Hi, I am learning loopy belief propagation for MRF. The general roadmap is to define a Bethe approximation, which is exact for a tree but wrong for general graphs.
I'm currently stuck at the point to compute the Bethe entropy. Let's consider a pairwise tree in here (p. 21).
where $b(\cdot)$ is a belief (marginal distribution) of either a factor or a node.
The entropy is then computed as if it's a sum of the entropy of independent variables. However, $X_a$ overlaps with each other, and $X_a$ actually contains $x_i$ for some $i$. I don't know how this entropy is decomposed.

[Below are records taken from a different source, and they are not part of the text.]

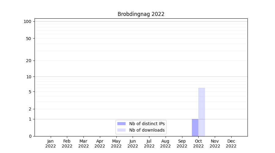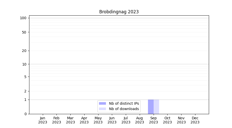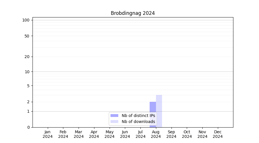 Number of downloads for workflow package Brobdingnag, year by year, from 2025 back to 2015 (years with no downloads are omitted):
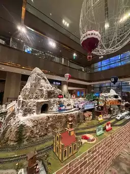 The Christmas at Hilton Osaka featured a diorama with a German-made train model running through a townscape inspired by winter Europe. The town at the foot of the snowy mountain was decorated for the Christmas season with trees and Santa Claus. It was adorable. You could feel the Christmas spirit of a small foreign country.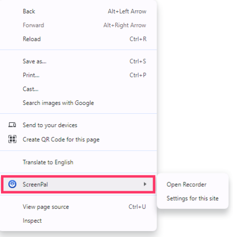 You can also right-click a webpage in an area outside of a text box, for quick access to ScreenPal:

$$\begin{align} H_b=&-\sum_x\left(\prod_ab_a(X_a)\prod_ib_i(X_i)^{1-d_i}\right)\log\left(\prod_ab_a(X_a)\prod_ib_i(X_i)^{1-d_i}\right)\\ =&-\sum_x\left(\prod_ab_a(X_a)\prod_ib_i(X_i)^{1-d_i}\right)\left(\sum_a\log b_a(X_a)+\sum_i\log b_i(X_i)^{1-d_i}\right) \end{align}$$
Let's consider a particular term in the second parathesis associating with $X_{a^*}$:
$$-\sum_x \left(\prod\limits_a b_a(X_a)\cdot\prod_i b_i(X_i)^{1-d_i} \cdot \log b_{a^*}(X_{a^*})\right)$$
We cannot simply remove unnecessary factors in this term by rearranging the outer summation over $\{x_{a^*}\} \bigcup \mathcal{X}\backslash x_{a^*}$, because $X_a$ and $X_i$ are interwoven with each other.
I referred to Koller's book, and this part is also missing.
I am wondering if any one can point to the derivation of Bethe entropy. Thanks a lot.